We also tend to hire people that we think “think like us.” This “emotional connection bias” makes us think that we have found our doppelganger or our long-lost cousin who gets us and knows what we need. Both biases, the visual bias and the emotional connection bias, create more problems than they solve.
Whether you’re developing current talent or hiring new talent, Talent Development begins by clarifying exactly the type of team member you need. That description starts with clarifying the world we live in today.
We live in a world that is driven by technology and characterized by speed and change. AI complicates the picture even more because the line between truth and fiction can be easily blurred. The speed of change means faster decision making, better problem solving, and innovations are needed to stay relevant. You can’t keep power in your hands anymore. It must be shared. Things are simply moving too fast. This leads to the detailed description of the workforce you need today.
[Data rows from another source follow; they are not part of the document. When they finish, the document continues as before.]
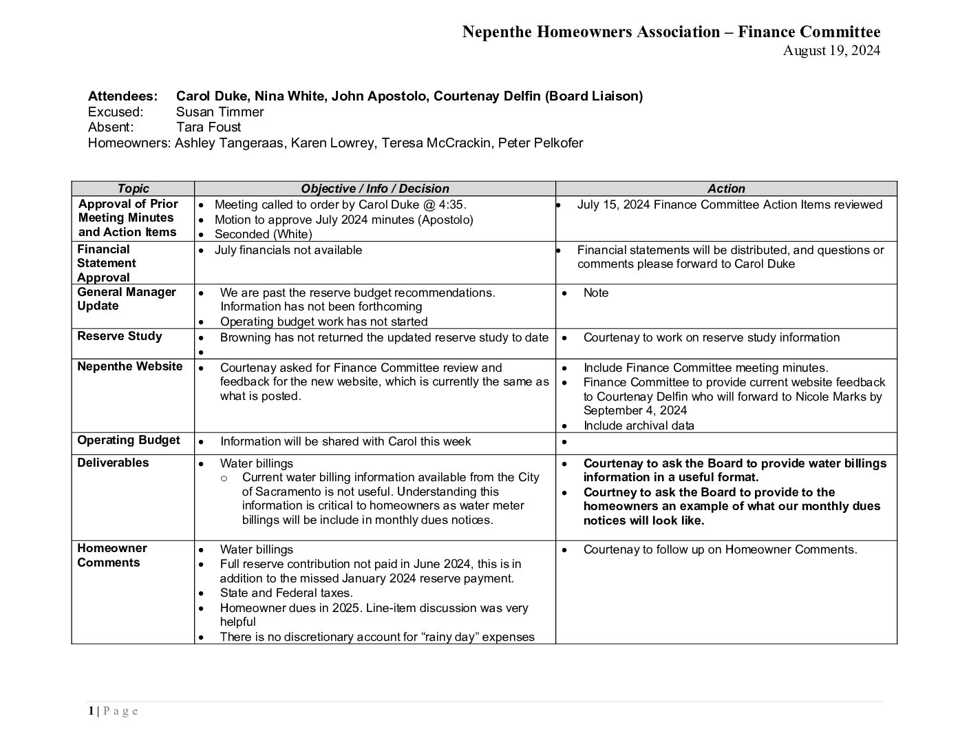 Finance Committee Minutes – August 2024 by Nicole Marks | Jan 30, 2025 Download Filename: Minutes-Aug-2024-1.pdf File Type: pdf Categories: Finance Committee Minutes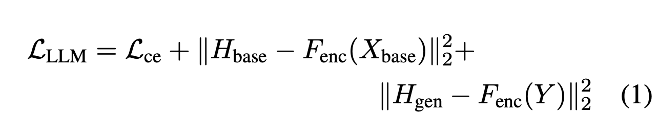 Multi-modal inputs $ \{ X_i \}_{i = 1:n}$를 참고하는 [image],[audio]와 같은 reference token들을 포함하는 text sequence $T$가 input으로 주어지면, 먼저 multi-modal encoder $F_{enc}$를 이용해 $\{H_i \}_{i=1:n} = F_{enc}(\{ X_i \}_{i=1:n})$의 embedding을 생성한다. 그런 다음 LLM의 input embedding layer $E$를 이용해 embedded representation $H_T = E(T)$를 얻는다. 다음 단계는 $H_T$의 대응되는 위치에 $\{H_i \}_{i=1:n}$를 넣는다. LLM의 embedding space로 $\{H_i \}_{i=1:n}$를 project시키기 위해 projection layer $P_{enc}$를 사용한다. 이를 통해 새로운 embedding sequence $H_{T}^{\prime}$를 얻는다. 이를 LLM에 넣음으로써 $H_{LLM} = F_{LLM}(H_{T}^{\prime})$를 추출하고 그런 다음 두 개의 특수 토큰 [base]와 [gen]에 해당하는 위치를 찾는다. 이렇게 하면 두 개의 임베딩 $H_{base}, H_{gen}$이 생성된다. 임베딩을 인코더의 임베딩 공간에 다시 매핑하기 위해 추가 projector $P_{out}$을 사용한다.
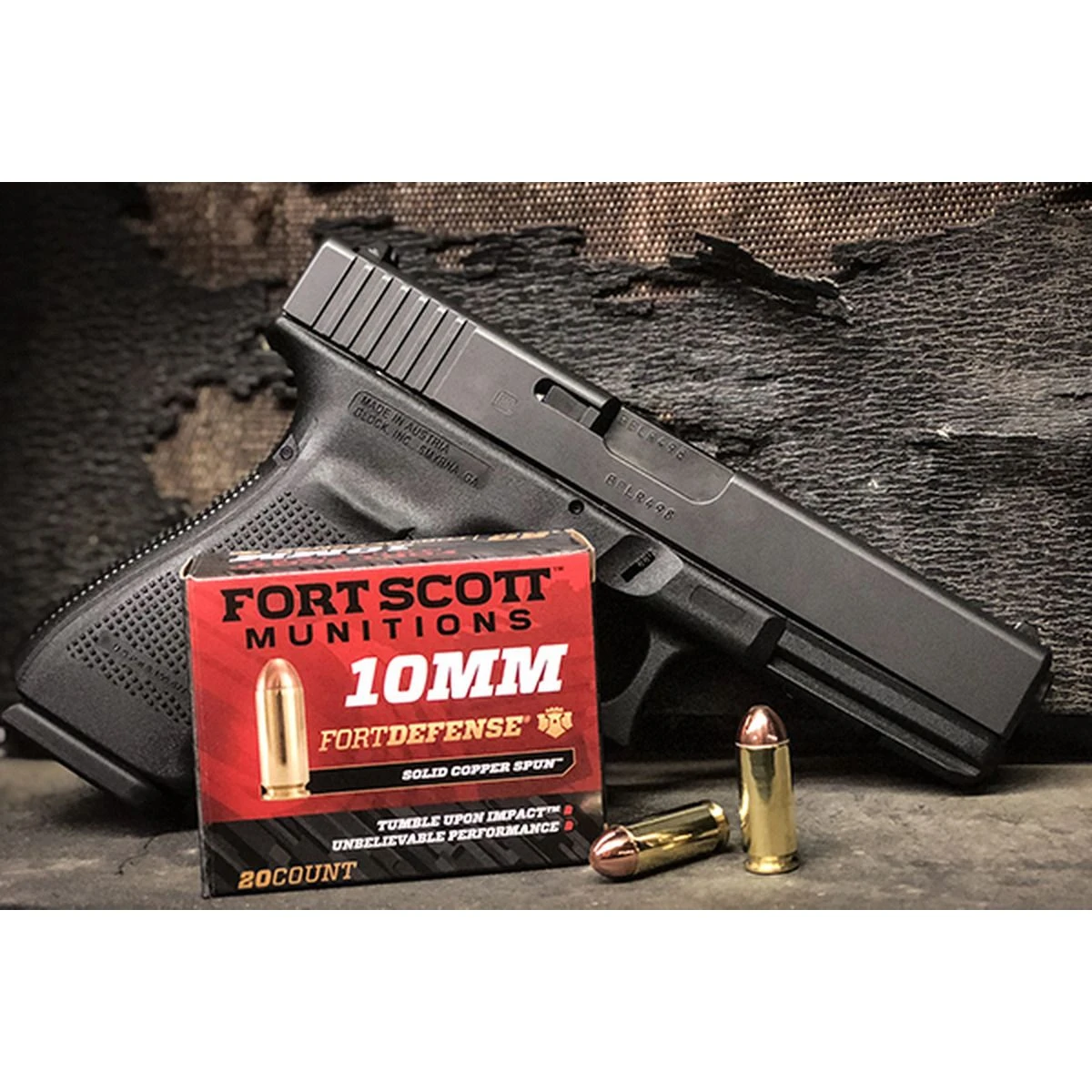 Fort Scott Munitions 10MM TUI ammo is a match grade handgun ammunition that is designed to be extremely accurate at high velocities. The unique, patented design of our 10MM TUI pistol ammunition penetrates targets deeply and leaves behind a devastating dynamic wound cavity.

Use this basic principle: hiring and develop mindset first and skillset second. Yes, if they are in sales, they need to have sales skills. If they are in accounting, they need accounting skills. So, they do need the skills. What is more important, though, is whether they have the mindset to use those skills in a fast paced, changing world where THEY will make decisions every day that impact the organization. You can teach skills pretty easily. Mindsets are more complicated.
How do you want them to think, process information, analyze options? What’s the decision-making process you need them to use? How do you want them to collaborate with others?
That leads to the analysis question. Look at your current Talent Development process. Can you give specific examples of where you are developing the mindset needed to thrive? The answer in most organization is “no.” We usually develop skills but not mindset. We expect people to come with the mindset. Bad mistake. Everyone develops a mindset by the time they reach the workforce, and most people never leave that mindset unless they are forced to do so. That’s part of Talent Development – pushing people out of their comfort zone to develop a new mindset that creates new growth. When the mindset is there, the skills are easy to develop and apply.